• What to produce
From the first line of the material below through the line containing "rain accumulation |", print every line exactly as it stands, but no pictures.

• Available data

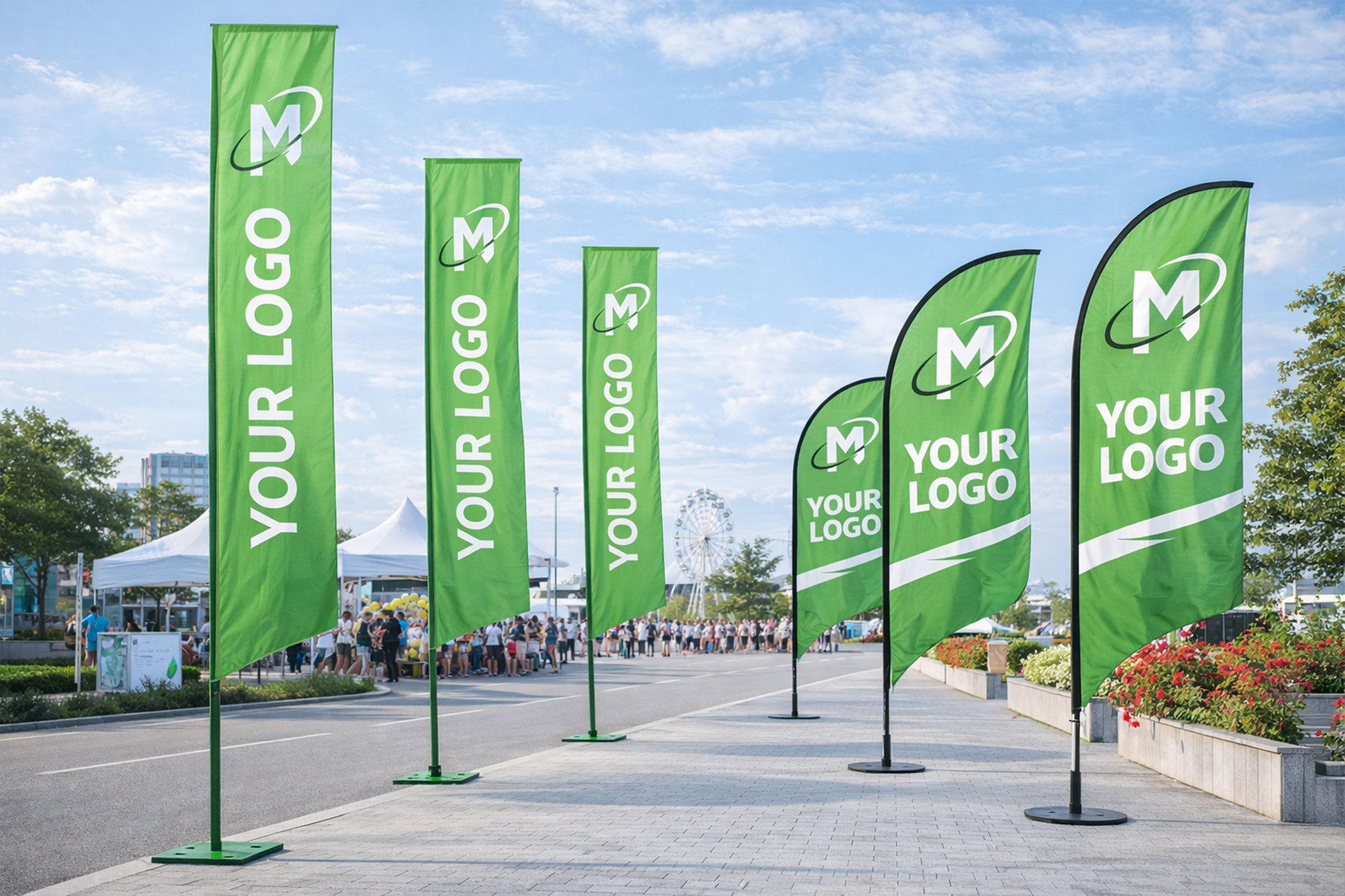 Sementara itu, flying banner memberikan kesan modern dan profesional. Media ini sering digunakan pada pameran, acara promosi, dan kegiatan kampanye luar ruangan. Dengan posisi yang strategis, flying banner mampu mengarahkan perhatian pengunjung langsung ke area yang diinginkan. Karena alasan tersebut, banyak brand memanfaatkan media ini sebagai penunjang utama promosi outdoor.
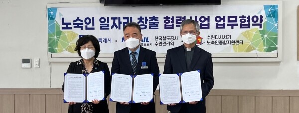 이날 협약식에는 박미숙 수원시 복지여성국장, 석진산 수원관리역장, 강관석 수원다시서기노숙인종합지원센터장이 참석했다.
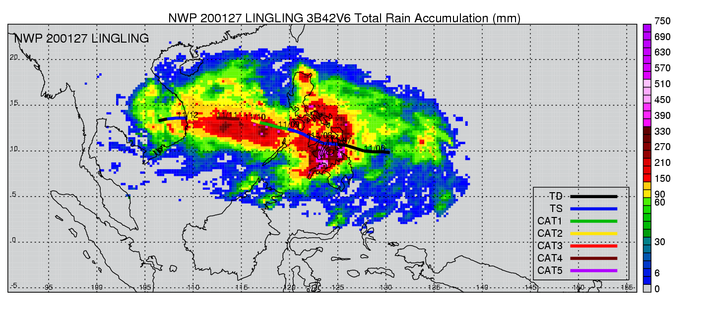 | 22 | 200127 | LINGLING | 20011105 - 20011111 | 927 | 115 | 12 | 86 | snapshots | rain accumulation |
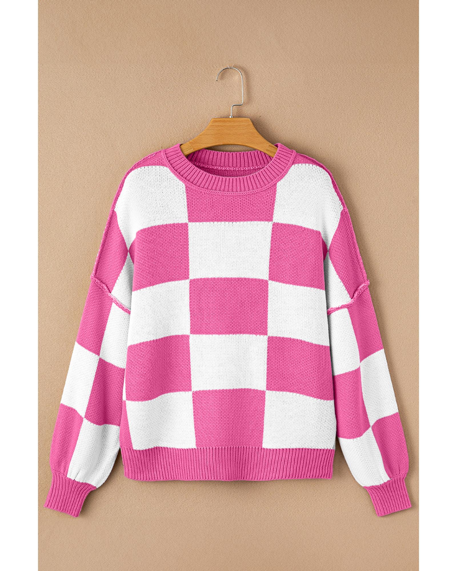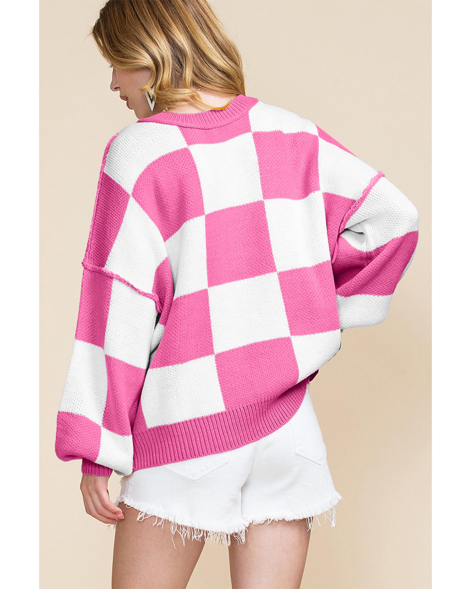 Rose Checkered Bishop Sleeve Sweater - L

• Task result
 Sementara itu, flying banner memberikan kesan modern dan profesional. Media ini sering digunakan pada pameran, acara promosi, dan kegiatan kampanye luar ruangan. Dengan posisi yang strategis, flying banner mampu mengarahkan perhatian pengunjung langsung ke area yang diinginkan. Karena alasan tersebut, banyak brand memanfaatkan media ini sebagai penunjang utama promosi outdoor.
 이날 협약식에는 박미숙 수원시 복지여성국장, 석진산 수원관리역장, 강관석 수원다시서기노숙인종합지원센터장이 참석했다.
 | 22 | 200127 | LINGLING | 20011105 - 20011111 | 927 | 115 | 12 | 86 | snapshots | rain accumulation |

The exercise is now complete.